First Stories and Second Stories
In 2005, the NFB introduced its "First Stories" program for emerging Indigenous directors from Alberta, Saskatchewan and Manitoba. Twelve five-minute films were produced through the program, with four from each province. First Stories was followed by "Second Stories," in which three filmmakers from the previous program—Gerald Auger, Tessa Desnomie and Lorne Olson—were invited back to create 20 minute films.<

Wapikoni Mobile 
The NFB was a founding partner in Wapikoni Mobile, a mobile film and media production unit for emerging First Nations filmmakers in Quebec.

Women's production
The NFB has been a leader in films by women, with the world's first publicly funded women's film's studio, Studio D, followed subsequently by its French-language equivalent, Studio des femmes. Beginning on March 8, 2016, International Women's Day, the NFB began introducing a series of gender parity initiatives.

Studio D

In 1974, in conjunction with International Women's Year, the NFB created Studio D on the recommendation of long-time employee Kathleen Shannon. Shannon was designated as Executive Director of the new studio—the first government-funded film studio dedicated to women filmmakers in the world— which became one of the NFB's most celebrated filmmaking units, winning awards and breaking distribution records.
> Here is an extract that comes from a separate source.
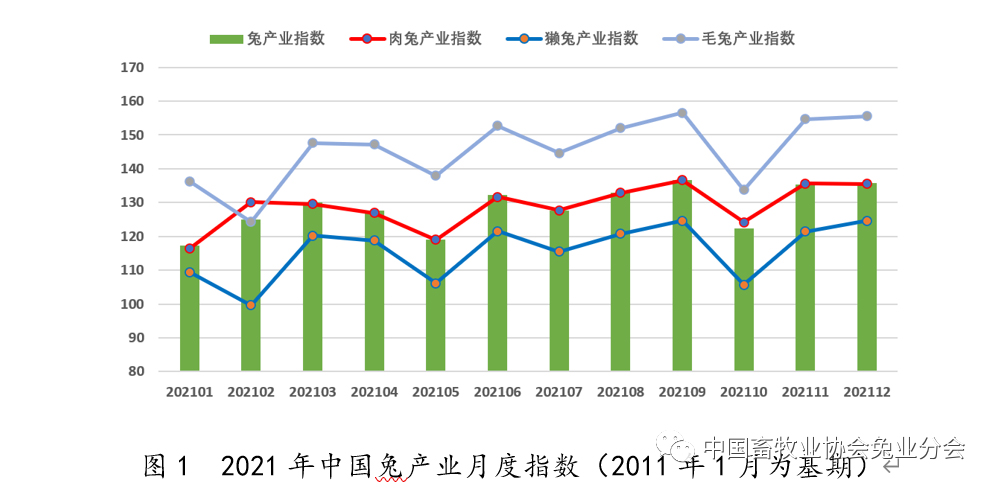 2021年我國兔產業(yè)綜合指數平均保持在125以上,整體向好(兔產業(yè)指數以2011年1月為對比的基礎,即100)。在3—5月份,呈下滑趨勢,由2月份的129.98下降到5月份的118.98,總體下降了8.5%。但進入6月份以后在波動中較快回升,9月達到136.80,10月迅速回落到122.34,11—12月上升到135點以上波動。

Notable films produced by the studio include three Academy Award-winning documentaries I'll Find a Way (1977), If You Love This Planet (1982) and Flamenco at 5:15 (1983), as well as Not a Love Story (1982) and Forbidden Love: The Unashamed Stories of Lesbian Lives (1992). Studio D was shut down in 1996, amidst a sweeping set of federal government budget cuts, which impacted the NFB as a whole.

As of March 8, 2016, researchers and librarians at the University of Calgary announced an archival project to preserve records of Studio D.

Gender parity initiatives
On March 8, 2016, NFB head Claude Joli-Coeur announced a new gender-parity initiative, with the NFB committing that half of all its production spending will be earmarked for films directed by women. The following year, the NFB announced that it also plans to achieve gender balance by 2020 in such creative positions as editing, scriptwriting, musical composition, cinematography and artistic direction. As of 2017, 53% of its producers and executive producers are women, as well as half of its administrative council.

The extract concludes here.